Stop at the line that contains "El recorrido es". Until then, set down each line of the records exactly, beginning with the first, and skip pictures.

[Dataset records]

★ ★ ★ ★ ★

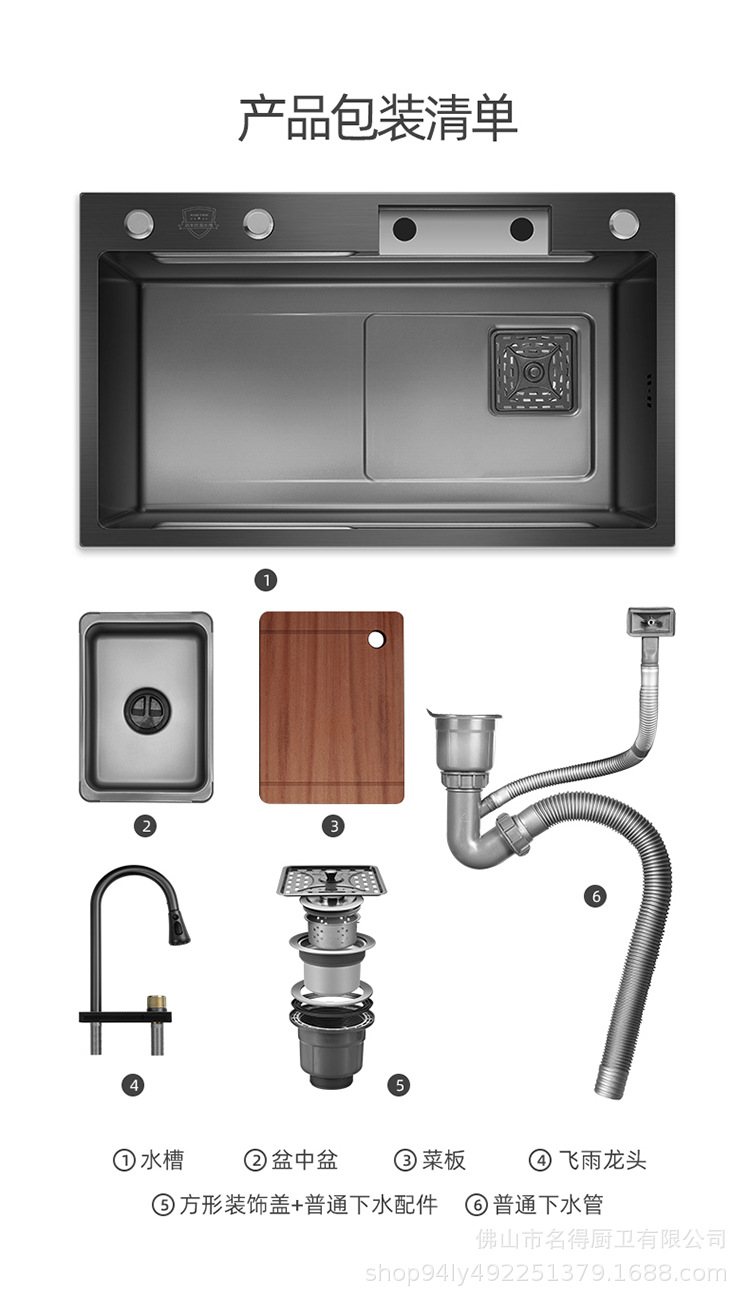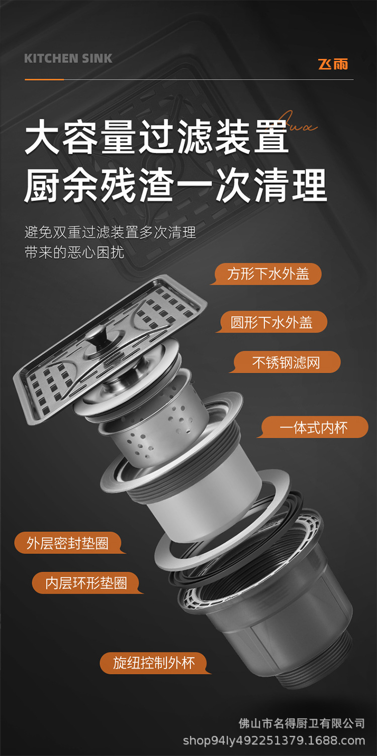 飛雨水槽厨房滝蛇口洗濯盆黒精鋼ステンレス皿洗い池ネット赤日式大単槽
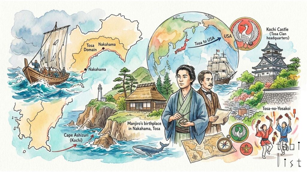 ジョン万次郎の故郷は、高知県土佐清水市中浜(なかのはま)です。宇佐湾から船出した万次郎が生まれたこの中浜地区には、彼の生家が復元され、当時の暮らしぶりを垣間見ることができます。茅葺きの美しい生家は、残されていた写真をもとに2010年に復元されたもので、無料で公開されています。また、万次郎の波乱に満ちた生涯をより深く知ることができる「ジョン万次郎資料館」も、土佐清水市にあります。資料館では、展示やジオラマを通じて、万次郎が経験した漂流やアメリカでの生活、そして日本に帰国してからの活躍を、まるで物語のように感じられます。資料館の近くや足摺岬には、海を見つめるジョン万次郎の銅像も立っていて、訪れる人々に大きな感動を与えています。
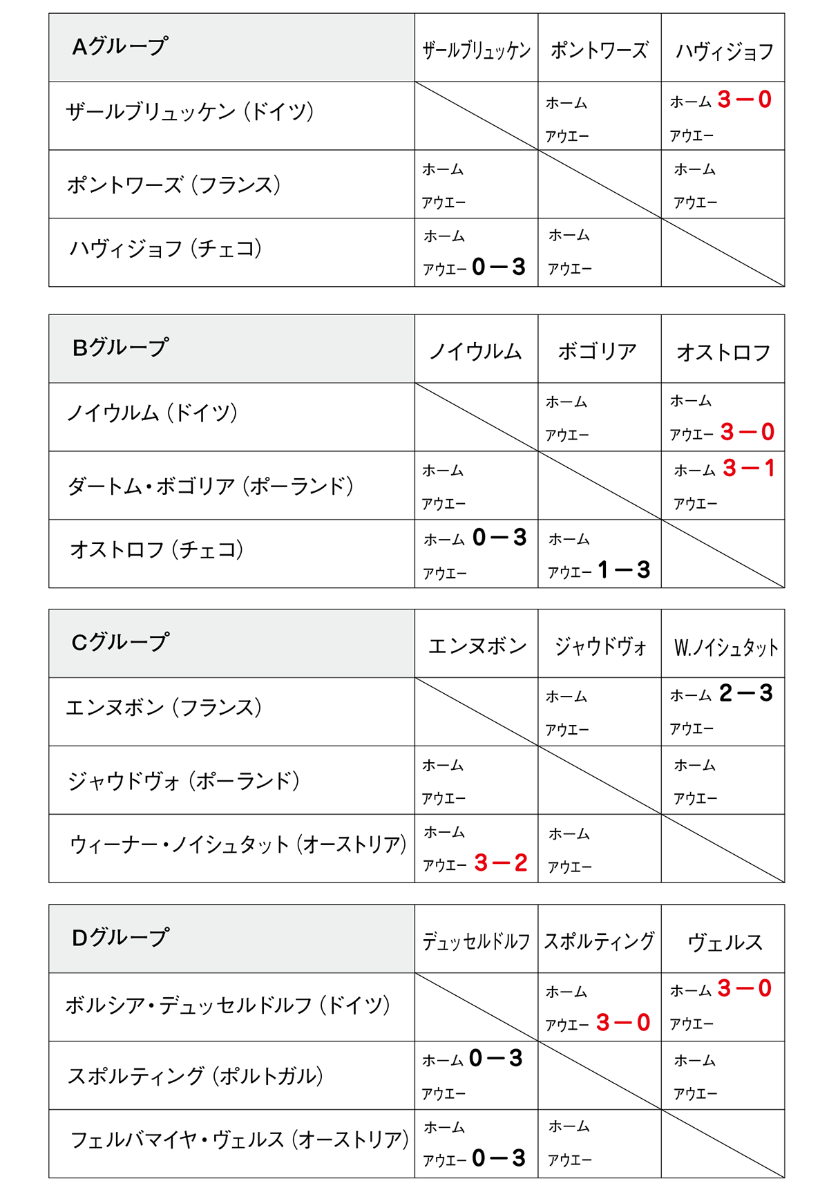 次の試合は11月19日。今度はノイウルムがホームでオストロフと対戦する。また、フェルバマイヤ・ヴェルス(オーストリア)とボルシア・デュッセルドルフ(ドイツ)が対戦する。
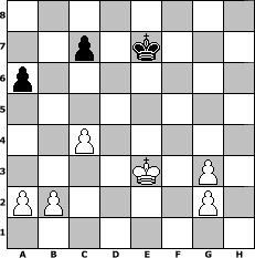 game notation in PGN-format [Event "1. HSF-Clubmeisterschaft, Vorrunde A"] [Site "www.myChess.de"] [Date "2010.09.01"] [Round "1"] [White "schoemi"] [Black "lotchi"] [ECO "D00"] [WhitemyELO "1541"] [BlackmyELO "1331"] [Result "1-0"] [TimeControl "10/2592000"] [WhiteDays "29"] [BlackDays "30"] [MyChessNo "68005"] 1. d4 d5 2. e4 e5 3. dxe5 dxe4 4. Qxd8+ Kxd8 5. Bg5+ f6 6. exf6 gxf6 7. Bh4 Bb4+ 8. c3 Bd6 9. Nd2 Bf5 10. O-O-O Nc6 11. Bb5 a6 12. Bxc6 bxc6 13. Ne2 c5 14. Ng3 Be6 15. Ndxe4 Ke7 16. Nh5 Be5 17. Nxc5 Bg4 18. Rde1 Bxh5 19. f4 Kd6 20. Ne4+ Ke6 21. fxe5 fxe5 22. Rhf1 Bg6 23. Ng5+ Kd5 24. Rd1+ Kc6 25. Bg3 e4 26. Be5 h6 27. Bxh8 hxg5 28. Bf6 g4 29. Rf4 Re8 30. Bd4 g3 31. hxg3 Bh5 32. Re1 Bg6 33. Kd2 Rd8 34. Ke3 Ne7 35. Kf2 Kd5 36. Bf6 Re8 37. c4+ Ke6 38. Bxe7 Rxe7 39. Rfxe4+ Bxe4 40. Rxe4+ Kf6 41. Rxe7 Kxe7 42. Ke3 1-0 position notation in FEN-format 8/2p1k3/p7/8/2P5/4K1P1/PP4P1/8 - - - 1 42 Captured white pieces: ![]() ![]() ![]() ![]() ![]() ![]() ![]() ![]() ![]() ![]() ![]() ![]() ![]() ![]() ![]() Captured black pieces: ![]() ![]() ![]() ![]() ![]() ![]() ![]() ![]() ![]() ![]() ![]() ![]() ![]() ![]() ![]() Click on a captured piece in order to display the desired move!
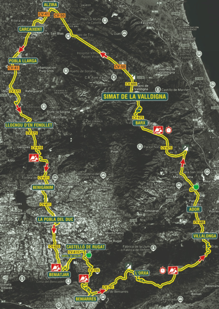El recorrido es de 130 kilómetros con algo más de 1800 m+ de desnivel repartidos en 5 puertos: Benigànim, Beniatjar, Beniarrés, L’Orxa y La Drova. Los dos últimos serán tramos cronometrados. La salida y llegada estarán situadas en la localidad de Simat de la Valldigna.
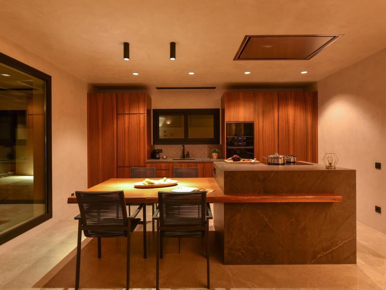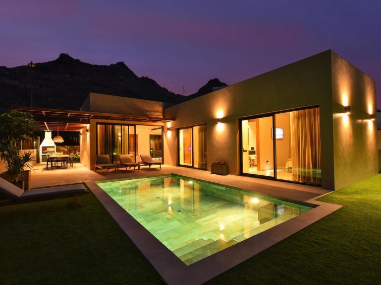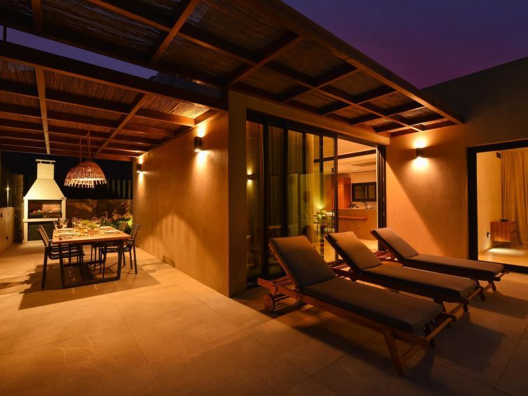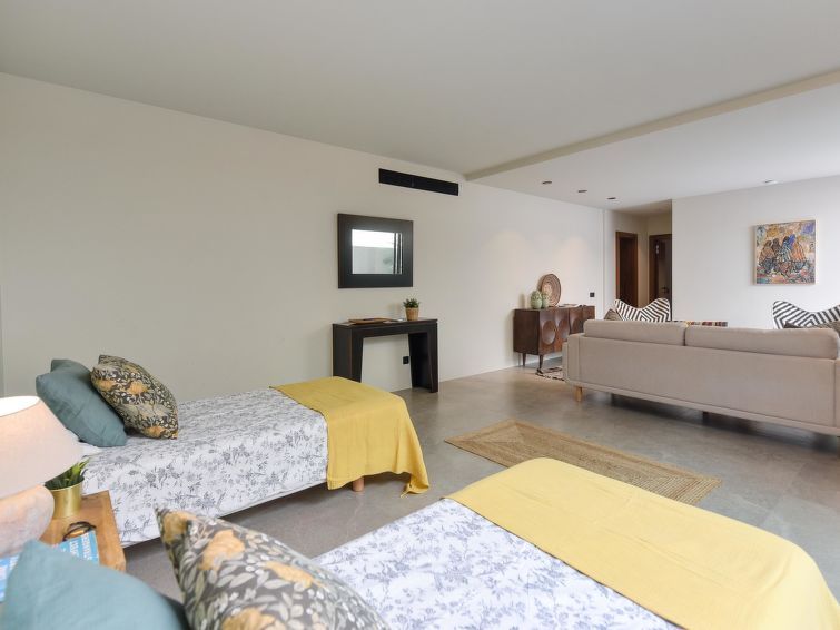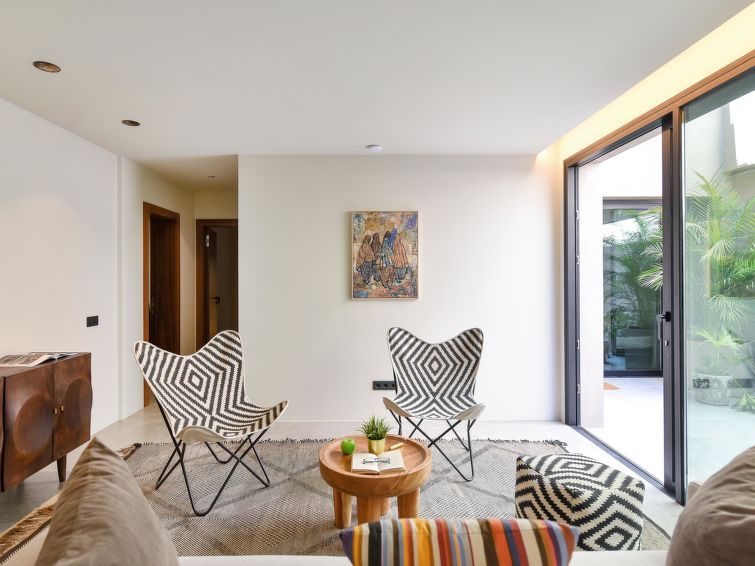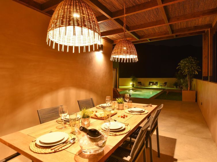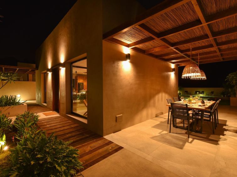 "Almadies Tauro", 5-room house 180 m2. Comfortable and modern furnishings: living/dining room with digital TV and air conditioning. Exit to the patio, to the swimming pool. 1 room with 1 french bed, shower/WC and air conditioning. Exit to the garden, to the swimming pool. 1 room with 2 beds and air conditioning.
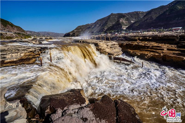 【点睛】站在壶口瀑布低洼处的岩石上,飞泻而下卷着黄沙的河水,如猛龙出江,惊涛骇浪势不可挡,震耳的涛声如吼,激荡水雾飞溅……
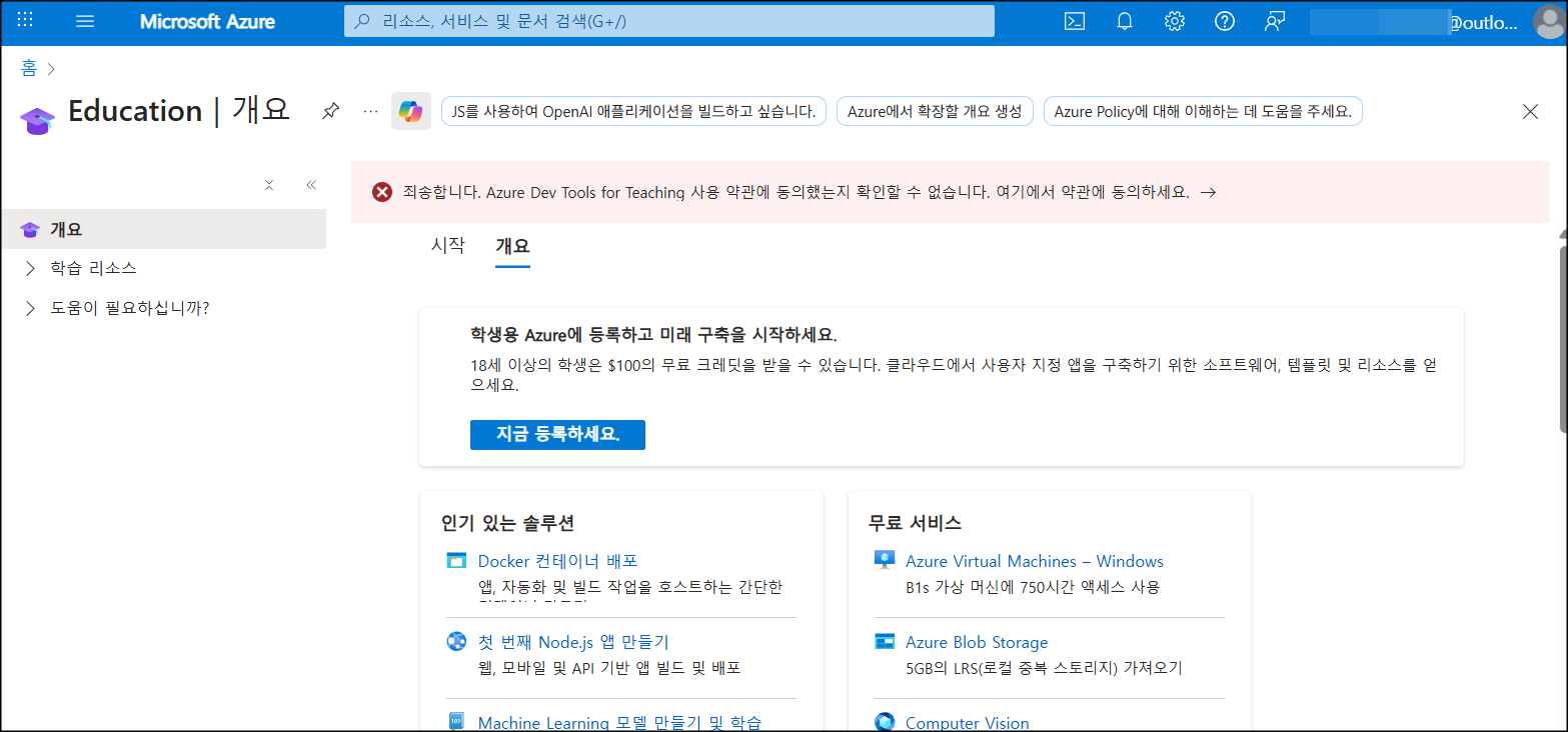 이후 방송대 계정으로 다시 학생 인증을 시도하니 정상적으로 Azure 학생 플랜이 등록되었다.
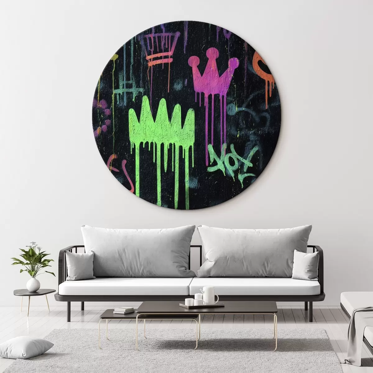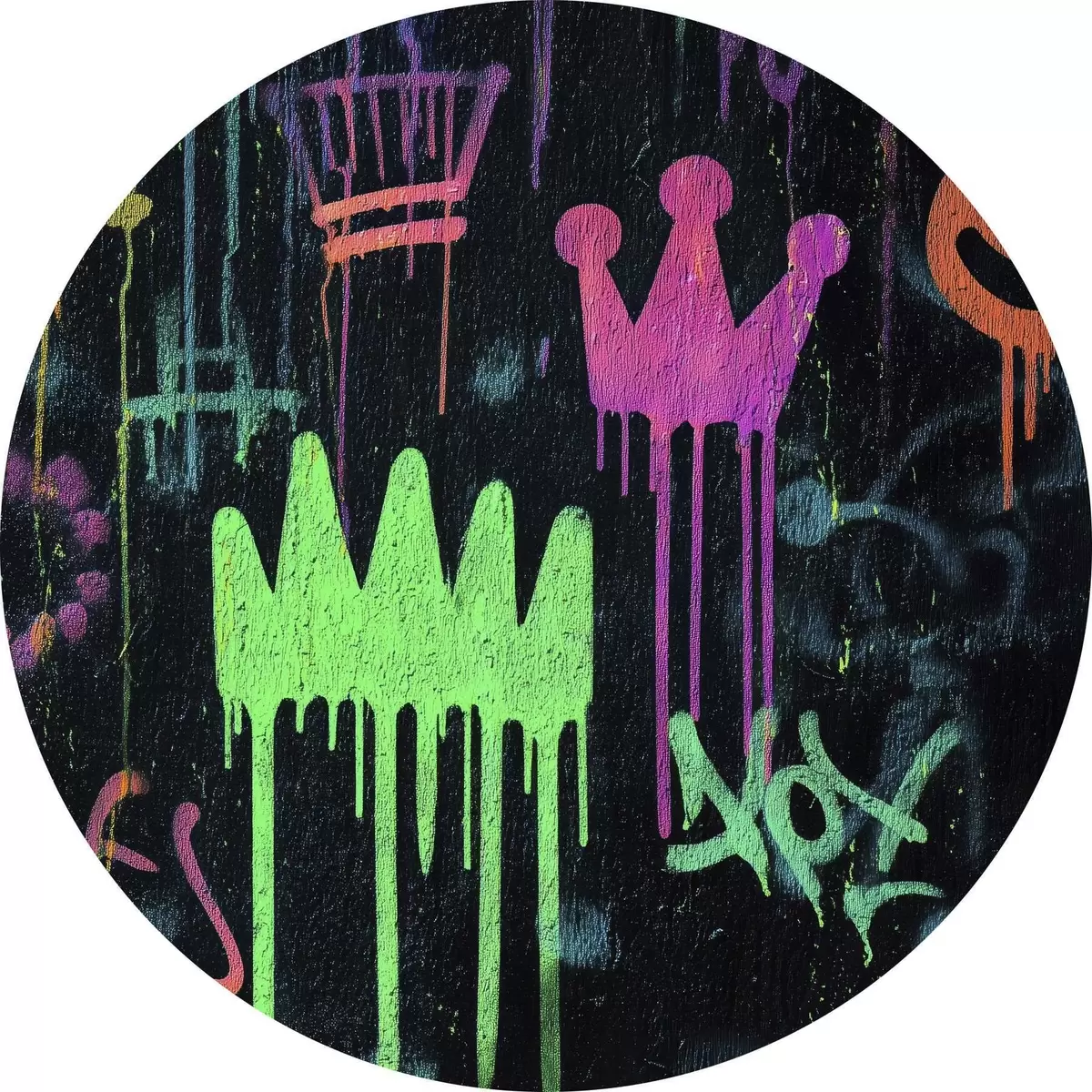 Quadri rotondi graffiti luminosi su sfondo scuro r45718

★ ★ ★ ★ ★

| ANSWER TO THE EXERCISE |
 飛雨水槽厨房滝蛇口洗濯盆黒精鋼ステンレス皿洗い池ネット赤日式大単槽
 ジョン万次郎の故郷は、高知県土佐清水市中浜(なかのはま)です。宇佐湾から船出した万次郎が生まれたこの中浜地区には、彼の生家が復元され、当時の暮らしぶりを垣間見ることができます。茅葺きの美しい生家は、残されていた写真をもとに2010年に復元されたもので、無料で公開されています。また、万次郎の波乱に満ちた生涯をより深く知ることができる「ジョン万次郎資料館」も、土佐清水市にあります。資料館では、展示やジオラマを通じて、万次郎が経験した漂流やアメリカでの生活、そして日本に帰国してからの活躍を、まるで物語のように感じられます。資料館の近くや足摺岬には、海を見つめるジョン万次郎の銅像も立っていて、訪れる人々に大きな感動を与えています。
 次の試合は11月19日。今度はノイウルムがホームでオストロフと対戦する。また、フェルバマイヤ・ヴェルス(オーストリア)とボルシア・デュッセルドルフ(ドイツ)が対戦する。
 game notation in PGN-format [Event "1. HSF-Clubmeisterschaft, Vorrunde A"] [Site "www.myChess.de"] [Date "2010.09.01"] [Round "1"] [White "schoemi"] [Black "lotchi"] [ECO "D00"] [WhitemyELO "1541"] [BlackmyELO "1331"] [Result "1-0"] [TimeControl "10/2592000"] [WhiteDays "29"] [BlackDays "30"] [MyChessNo "68005"] 1. d4 d5 2. e4 e5 3. dxe5 dxe4 4. Qxd8+ Kxd8 5. Bg5+ f6 6. exf6 gxf6 7. Bh4 Bb4+ 8. c3 Bd6 9. Nd2 Bf5 10. O-O-O Nc6 11. Bb5 a6 12. Bxc6 bxc6 13. Ne2 c5 14. Ng3 Be6 15. Ndxe4 Ke7 16. Nh5 Be5 17. Nxc5 Bg4 18. Rde1 Bxh5 19. f4 Kd6 20. Ne4+ Ke6 21. fxe5 fxe5 22. Rhf1 Bg6 23. Ng5+ Kd5 24. Rd1+ Kc6 25. Bg3 e4 26. Be5 h6 27. Bxh8 hxg5 28. Bf6 g4 29. Rf4 Re8 30. Bd4 g3 31. hxg3 Bh5 32. Re1 Bg6 33. Kd2 Rd8 34. Ke3 Ne7 35. Kf2 Kd5 36. Bf6 Re8 37. c4+ Ke6 38. Bxe7 Rxe7 39. Rfxe4+ Bxe4 40. Rxe4+ Kf6 41. Rxe7 Kxe7 42. Ke3 1-0 position notation in FEN-format 8/2p1k3/p7/8/2P5/4K1P1/PP4P1/8 - - - 1 42 Captured white pieces: ![]() ![]() ![]() ![]() ![]() ![]() ![]() ![]() ![]() ![]() ![]() ![]() ![]() ![]() ![]() Captured black pieces: ![]() ![]() ![]() ![]() ![]() ![]() ![]() ![]() ![]() ![]() ![]() ![]() ![]() ![]() ![]() Click on a captured piece in order to display the desired move!
El recorrido es de 130 kilómetros con algo más de 1800 m+ de desnivel repartidos en 5 puertos: Benigànim, Beniatjar, Beniarrés, L’Orxa y La Drova. Los dos últimos serán tramos cronometrados. La salida y llegada estarán situadas en la localidad de Simat de la Valldigna.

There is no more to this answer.